■ **What this task involves**: Could you restate word for word only the lines below from the one holding "Runway women's watch" to the one holding "It comes with", inclusive, and leave out the pictures?

■ **Data for this exercise**:

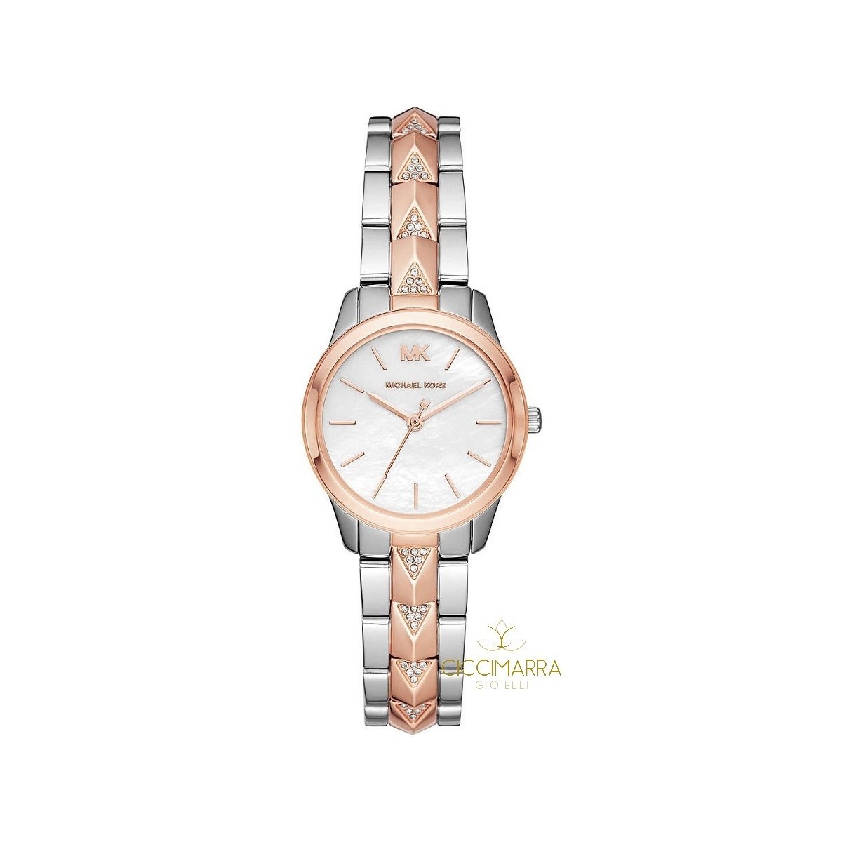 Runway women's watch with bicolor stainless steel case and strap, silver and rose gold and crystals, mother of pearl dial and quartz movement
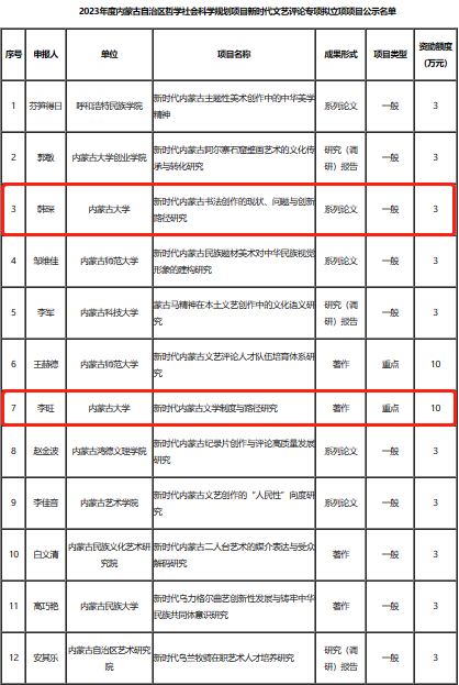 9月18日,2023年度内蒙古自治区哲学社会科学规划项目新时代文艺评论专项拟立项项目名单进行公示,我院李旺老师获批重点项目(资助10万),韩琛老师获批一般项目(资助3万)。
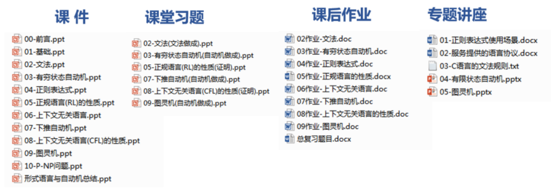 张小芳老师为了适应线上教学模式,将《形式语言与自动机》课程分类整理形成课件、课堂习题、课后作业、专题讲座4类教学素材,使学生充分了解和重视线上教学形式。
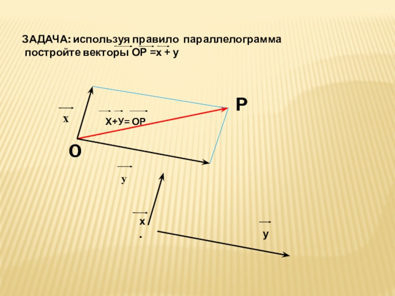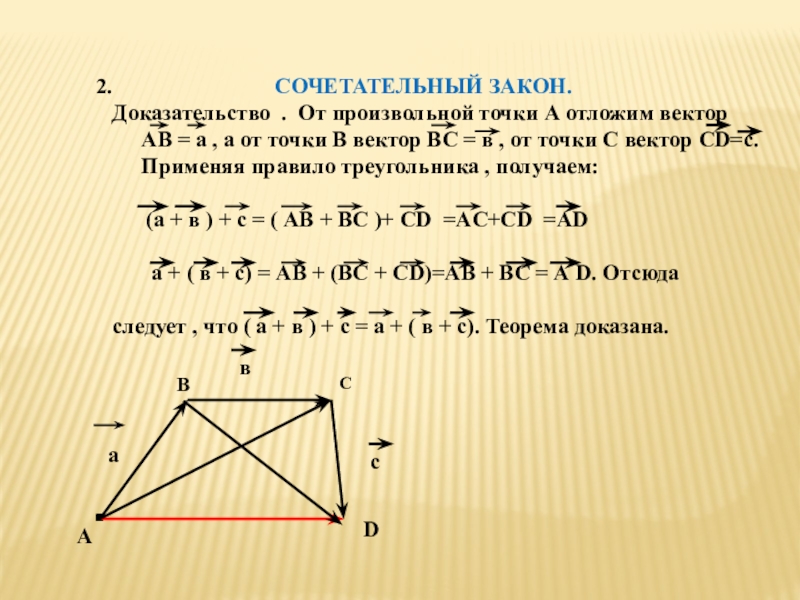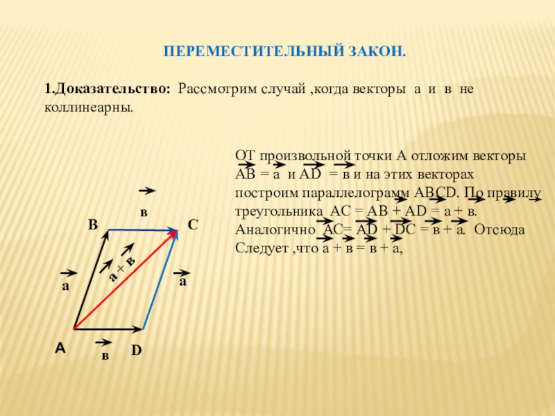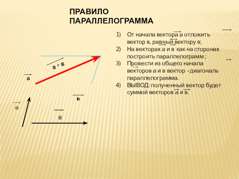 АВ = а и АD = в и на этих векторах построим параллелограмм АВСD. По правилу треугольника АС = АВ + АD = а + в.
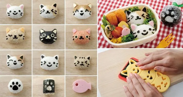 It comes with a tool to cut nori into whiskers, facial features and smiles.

--

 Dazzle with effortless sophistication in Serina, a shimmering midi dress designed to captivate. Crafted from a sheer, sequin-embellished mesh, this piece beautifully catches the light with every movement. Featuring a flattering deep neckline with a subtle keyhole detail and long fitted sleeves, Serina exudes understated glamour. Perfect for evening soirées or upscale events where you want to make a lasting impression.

■ **Answer section**:
 Runway women's watch with bicolor stainless steel case and strap, silver and rose gold and crystals, mother of pearl dial and quartz movement
 9月18日,2023年度内蒙古自治区哲学社会科学规划项目新时代文艺评论专项拟立项项目名单进行公示,我院李旺老师获批重点项目(资助10万),韩琛老师获批一般项目(资助3万)。
 张小芳老师为了适应线上教学模式,将《形式语言与自动机》课程分类整理形成课件、课堂习题、课后作业、专题讲座4类教学素材,使学生充分了解和重视线上教学形式。
 АВ = а и АD = в и на этих векторах построим параллелограмм АВСD. По правилу треугольника АС = АВ + АD = а + в.
 It comes with a tool to cut nori into whiskers, facial features and smiles.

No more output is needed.